● **PROBLEM DETAILS**: If a record below holds a picture, drop the picture and restate everything else word for word.

● **EXERCISE MATERIAL**:
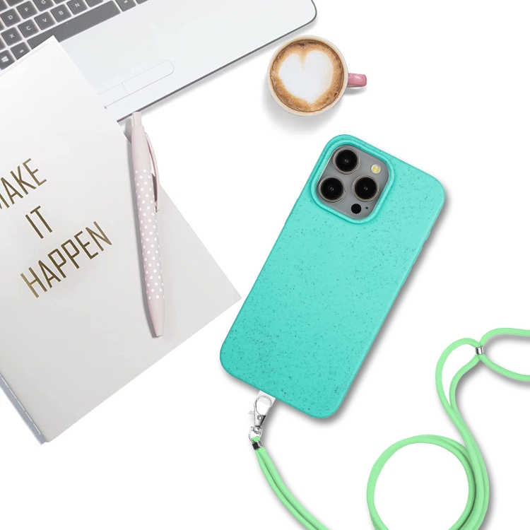 Funda para iPhone 14 Pro Max Wheat Magsafe Material de Paja Magnético + TPU con Cordón (Verde)
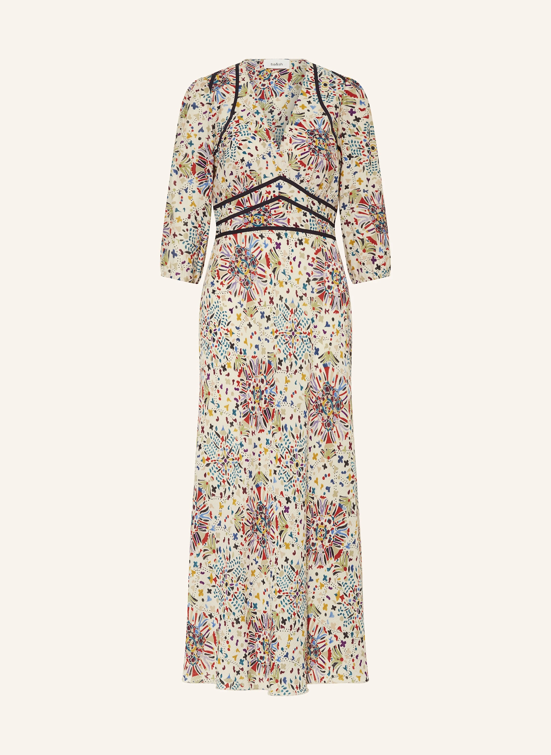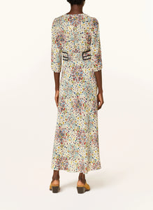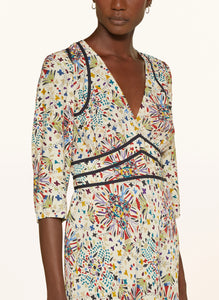 Upgrade your wardrobe with the Fazia Dress. Combining comfort and style, this versatile piece features a flowy fabric, elastic sleeves, and cinched waist for a flattering fit. The deep V-neck and modern graphic print make it a must-have for any occasion.
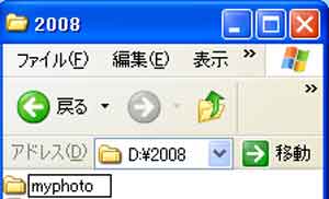 | 写真(5)は、「myphoto」画面です。 (1)「2008」フォルダの (2)写真(3)〜写真(5)を利用して、「myphoto」フォルダを作成します。 (3)「2008」フォルダ内に「myphoto」フィルダを作成 |
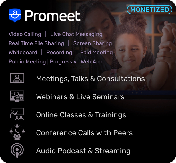 PromeetSaaS is the SaaS version of our popular & most advanced product "Promeet". It allows you to monetize using the Subscription feature with Online Payment and "Plans" with Feature Control & Limitations for your tenants.
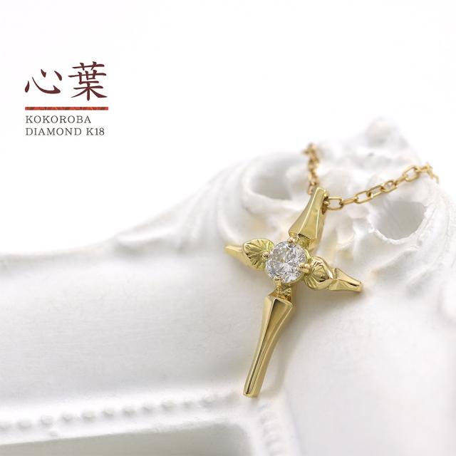 クロス ネックレス レディース 18金 イエローゴールド 天然 ダイヤモンド K18 18K ジュエリー ブランド 「 心葉 」 二葉葵 十字架 葉っぱ 植物 和風 日本 京都 アクセサリー 葵 葵祭 個性的 記念日 誕生日 ギフト 贈り物 彼女 嫁 長め 本物 ホワイトデー お返し

● **ANSWER BELOW**:
 Funda para iPhone 14 Pro Max Wheat Magsafe Material de Paja Magnético + TPU con Cordón (Verde)
 Upgrade your wardrobe with the Fazia Dress. Combining comfort and style, this versatile piece features a flowy fabric, elastic sleeves, and cinched waist for a flattering fit. The deep V-neck and modern graphic print make it a must-have for any occasion.
 | 写真(5)は、「myphoto」画面です。 (1)「2008」フォルダの (2)写真(3)〜写真(5)を利用して、「myphoto」フォルダを作成します。 (3)「2008」フォルダ内に「myphoto」フィルダを作成 |
 PromeetSaaS is the SaaS version of our popular & most advanced product "Promeet". It allows you to monetize using the Subscription feature with Online Payment and "Plans" with Feature Control & Limitations for your tenants.
 クロス ネックレス レディース 18金 イエローゴールド 天然 ダイヤモンド K18 18K ジュエリー ブランド 「 心葉 」 二葉葵 十字架 葉っぱ 植物 和風 日本 京都 アクセサリー 葵 葵祭 個性的 記念日 誕生日 ギフト 贈り物 彼女 嫁 長め 本物 ホワイトデー お返し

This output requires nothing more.